>>>>>

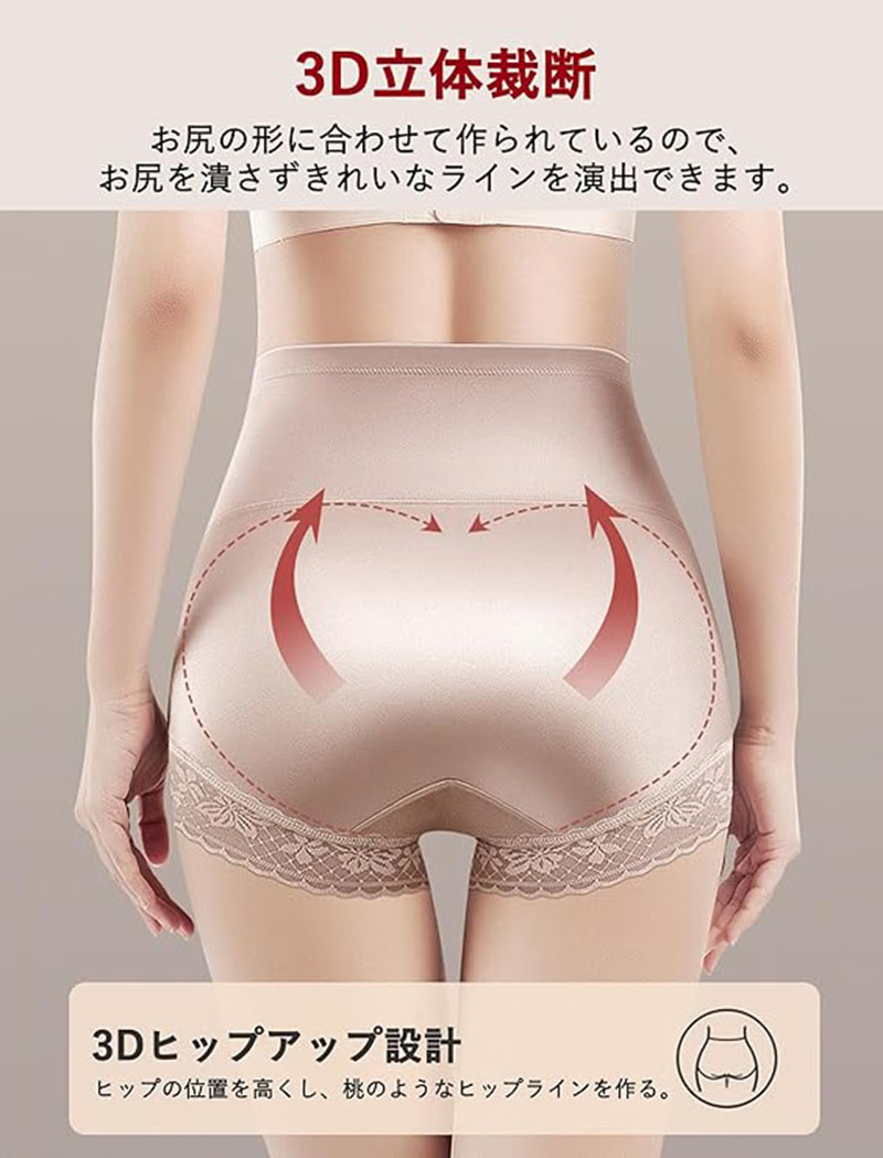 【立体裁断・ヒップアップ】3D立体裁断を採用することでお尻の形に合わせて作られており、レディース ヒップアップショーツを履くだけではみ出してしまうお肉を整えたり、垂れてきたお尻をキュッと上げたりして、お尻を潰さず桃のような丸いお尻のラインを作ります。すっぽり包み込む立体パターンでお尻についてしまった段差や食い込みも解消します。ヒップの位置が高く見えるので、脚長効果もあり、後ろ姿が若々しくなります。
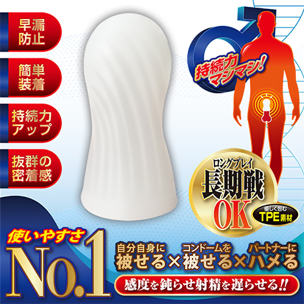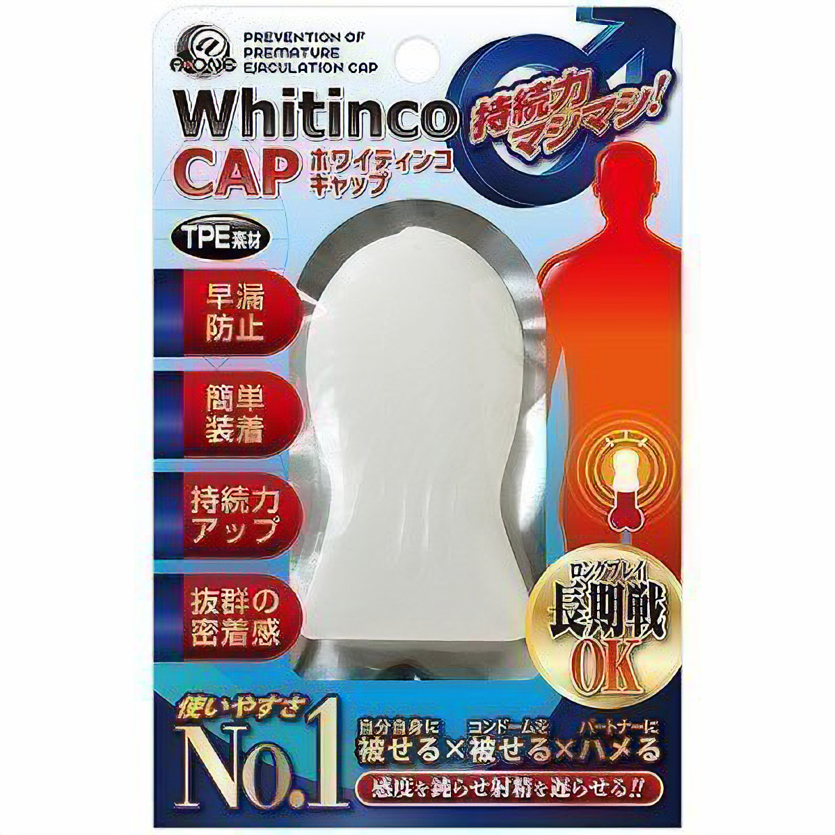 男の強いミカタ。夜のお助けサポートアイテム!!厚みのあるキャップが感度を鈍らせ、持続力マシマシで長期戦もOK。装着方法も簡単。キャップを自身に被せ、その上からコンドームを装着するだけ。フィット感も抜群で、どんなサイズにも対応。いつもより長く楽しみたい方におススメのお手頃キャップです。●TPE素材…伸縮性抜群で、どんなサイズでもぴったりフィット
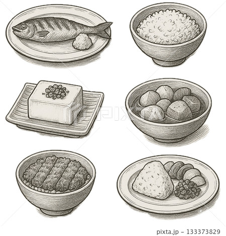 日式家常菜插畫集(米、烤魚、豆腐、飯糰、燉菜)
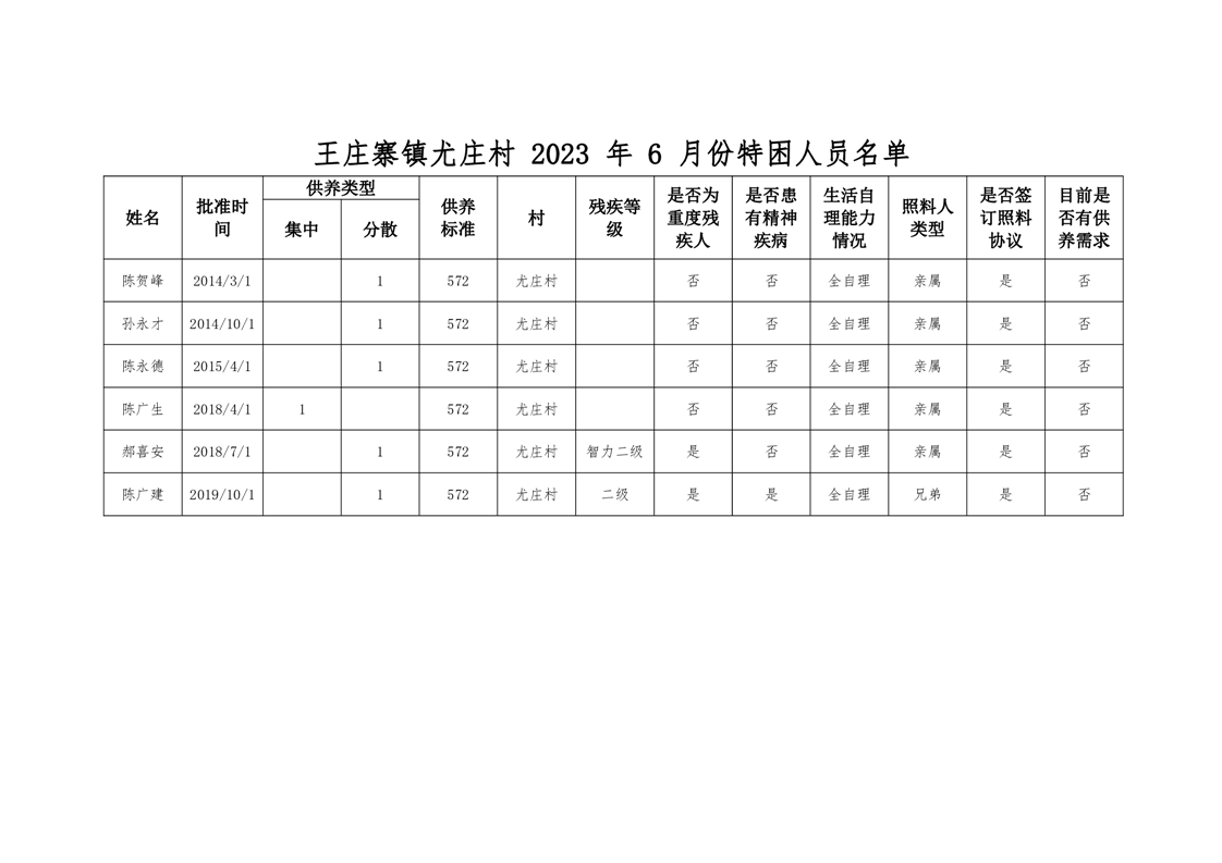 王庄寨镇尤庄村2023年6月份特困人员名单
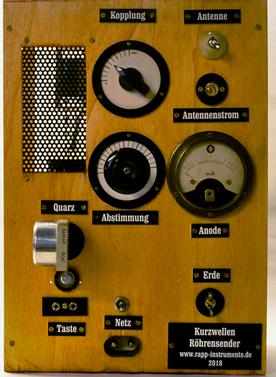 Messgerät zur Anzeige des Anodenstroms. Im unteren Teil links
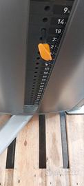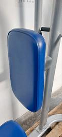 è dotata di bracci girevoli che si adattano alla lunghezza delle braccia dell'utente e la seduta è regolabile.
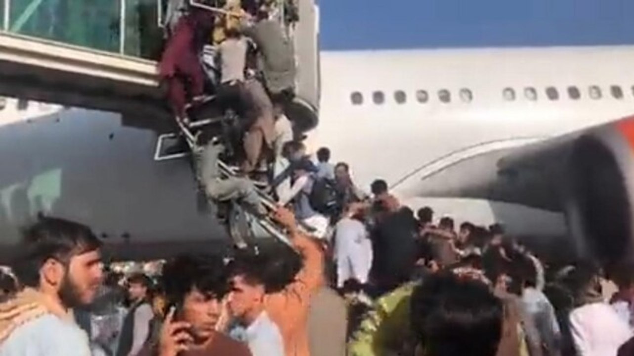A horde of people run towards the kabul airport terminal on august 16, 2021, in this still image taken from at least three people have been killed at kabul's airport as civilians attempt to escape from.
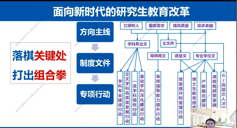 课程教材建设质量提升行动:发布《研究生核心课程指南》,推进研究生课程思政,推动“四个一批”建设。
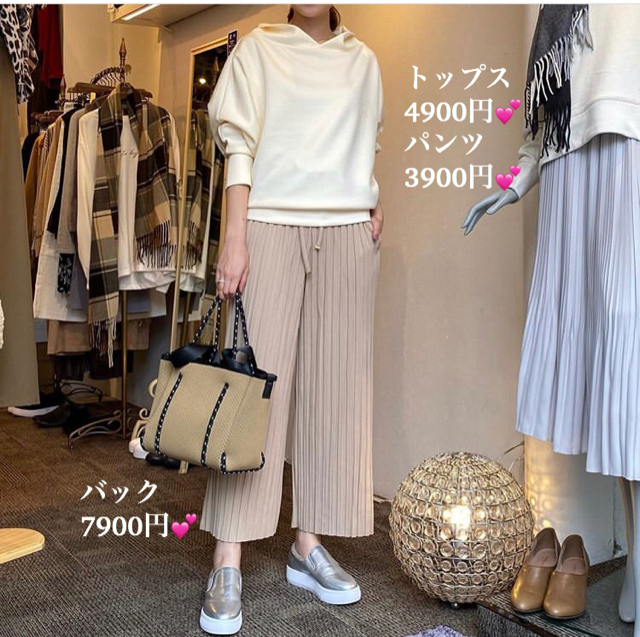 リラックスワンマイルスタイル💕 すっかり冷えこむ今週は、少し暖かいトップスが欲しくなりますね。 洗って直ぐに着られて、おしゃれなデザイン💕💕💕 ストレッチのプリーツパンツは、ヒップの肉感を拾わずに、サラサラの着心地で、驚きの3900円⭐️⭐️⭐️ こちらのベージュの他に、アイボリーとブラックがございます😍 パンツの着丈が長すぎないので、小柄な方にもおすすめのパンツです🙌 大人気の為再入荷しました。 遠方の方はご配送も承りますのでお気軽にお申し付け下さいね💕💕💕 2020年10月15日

<<<<<

__Exercise details__:
The answer must be the lines above from the one containing "Messgerät zur Anzeige" through the one containing "A horde of people", reproduced exactly, with no pictures and nothing else.

__Result of the exercise__:
 Messgerät zur Anzeige des Anodenstroms. Im unteren Teil links
 è dotata di bracci girevoli che si adattano alla lunghezza delle braccia dell'utente e la seduta è regolabile.
A horde of people run towards the kabul airport terminal on august 16, 2021, in this still image taken from at least three people have been killed at kabul's airport as civilians attempt to escape from.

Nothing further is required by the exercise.